’Twas a tiny female fly — not a bullet, broadhead or Buick — that brought down the largest antlered (wild) whitetail in North America last year. And it might have gone undiscovered had a Kansas man not taken a stroll along a creek bank in search of the buck that had dropped off his nephew’s radar.
The deer, while alive, was a well guarded secret within the family. Even now, few people have had the pleasure of ogling its rack.
Photographed regularly by trail camera until late summer 2012, the buck with unfathomable antlers (in velvet at the time) simply disappeared. Clearly, it was either dead or had switched zip codes. Considering that numerous deer throughout the Midwest succumbed to epizootic hemorrhagic disease last year, and since bucks in velvet rarely seek greener pastures unless pressured, it wasn’t difficult to connect the dots.
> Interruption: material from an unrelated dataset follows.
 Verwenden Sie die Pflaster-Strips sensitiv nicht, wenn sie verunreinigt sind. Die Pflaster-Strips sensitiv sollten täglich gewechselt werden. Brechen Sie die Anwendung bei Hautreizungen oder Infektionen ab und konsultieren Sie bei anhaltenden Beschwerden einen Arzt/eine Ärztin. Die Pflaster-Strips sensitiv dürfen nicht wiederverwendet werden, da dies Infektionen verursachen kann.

The deer, in fact, was dead, next to the creek with no holes in it — an almost sure sign that it died from contracting EHD. Even more convincing is that the skull and 55-point rack weigh almost nothing; having never reached the dense hard-antler state.
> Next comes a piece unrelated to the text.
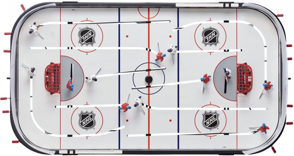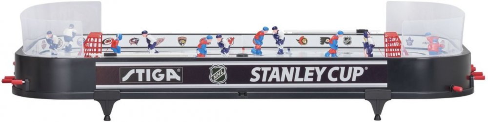 Stolní hokej STIGA s licencí NHL. Hráči hrají v dresech týmů severoamerické NHL. Na kluzišti jsou nálepky NHL. Na mantinelu jsou vyobrazeny znaky týmů hrajících NHL. V základní výbavě tohoto balení jsou týmy Detroit Red Wings a Toronto Maple Leafs.. Jedinečnost hokejů Stiga

An official BTR score of 315 makes it the largest free-ranging buck ever recorded from Kansas, fifth-largest in the world, and it’s No. 3 among the world’s biggest pickups, second only to the Barnacle and Hole in the Horn bucks. Its composite score (with the inside spread) is 330 7/8 inches.
The rack’s most outstanding feature, other than its 55 scoreable points, is its mass: 67 4/8 inches in circumference measurements. That’s nearly 30 more than the Hole in the Horn Buck carries.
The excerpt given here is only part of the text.